Y después de haberme explayado con esta especie de exordio, vaya lo de mi personal y fugaz contacto con tan notable literato.

Debió de suceder la anécdota en los primeros años de la década de los años setenta del pasado siglo, puesto que como punto de referencia citaré el que todavía estaba en las librerías de Las Palmas del entonces mi libro "La historia de Canarias en episodios", que se editó en 1971 y fue de rápida venta entre el público canario.

Un día, a últimas horas de la tarde, y debía de ser en época otoñal p acaso ya por el invierno porque si recuerdo que ya estaban encendidas las luces de iluminación del local, entré en la librería, hoy ya desaparecida, "Hige Life" de la calle de Triana, regida por un Sr. Martínez muy atento con el público. No sé ahora el motivo exacto de aparecer yo allí, pero el caso es que como me conocían tanto empleados como dueño, después de los fugaces pero cordiales saludos habituales el dependiente de turno me presentó a un señor que me pareció de mediana edad, muy educado y pulcro en palabras y ademanes que, no sé bien porque yo interiormente asocié con gente campesina, acaso un tanto influido, lo que me chocó, por la chaqueta de pana con refuerzos en los codos que vestía.

Al yo entrar, aquel cliente, por lo visto acababa de solicitar alguna lectura informativa sobre Canarias, que tuviese que ver con sus gentes, su geografía o su historia, por lo que acaba de mostrársele un ejemplar del ya citado libro mío. Por lo que con la presentación se hizo brevemente un benévolo panegírico indicando al desconocido aquel que yo era precisamente el autor del libro que tenía en las manos, hecho que pareció sorprenderle gratamente. Me felicitó con cordialidad y aún me rogó si no tenía inconveniente en dedicárselo.

Y cuando para poder atenderle encantado le pregunté su nombre y me dijo sin asomo de posible vanidad o presunción Miguel Delibes Setién, casi me quedo como mudo y petrificado por la impresión, pues hacía poco que había leído o quizás releído sus "Diarios" y "La hoja roja" y alguna otra obra suya, además de varios enjundiosos artículos periodísticos, lo que verdaderamente entusiasmado supe comunicarle a tropezones al tiempo que le manifestaba mi felicitación por aquellos sus escritos.
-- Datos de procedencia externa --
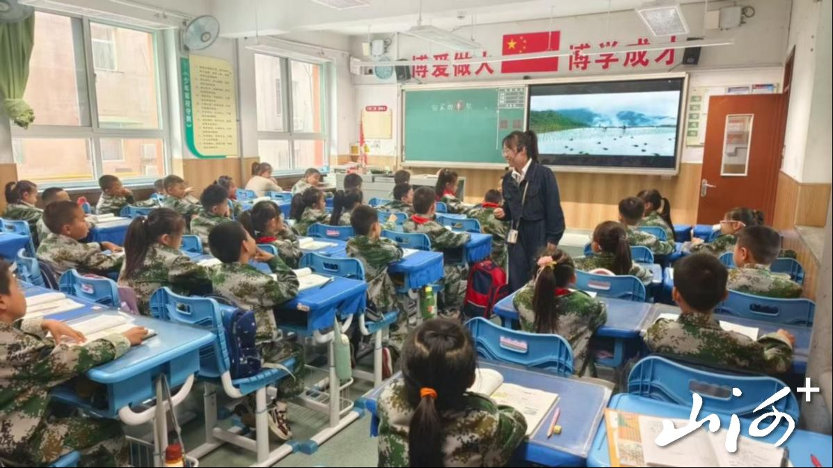 语文教学实现全方位融合。何静儿老师执教一年级《田家四季歌》,以AI技术呈现“稻田”场景,通过插秧动作体验、农事视频观看,将劳动教育融入识字教学。薛钱宇老师讲授四年级《暮江吟》,依托“智慧中小学”平台优质资源,设计多样观察活动。郝俊蓉老师讲授五年级《少年中国说》,借历史视频创设情境,实现思政教育与语文课堂的深度融合。

Recuerdo, si, que aún permanecimos un buen rato charlando allí, en el mismo local de la librería con el Sr. Martínez como testigo. El ya laureado escritor castellano nos confió que el motivo de encontrarse aquellos días en Gran Canaria era que había viajado aquí con otros familiares con el fin de asistir a la boda de un hijo o hija suyos que se desposaba en tales fechas con su pareja, residente por Tafira.

No tuve oportunidad de hablar nuevamente con Miguel Delibes pero he seguido admirándolo como autor, leyendo la casi totalidad de su obra y alegrándome de saber de sus premios y distinciones, que en este caso siempre he considerado muy merecidos.

En la tarde noche que lo presente escribo, al ver a Miguel Delibes en una entrevista que le hicieron en la televisión he querido evocar con la pluma y el papel, bueno, con el ordenador, aquel fugaz pero para mi intenso y grato momento de circunstancial encuentro, hace ya bastantes años.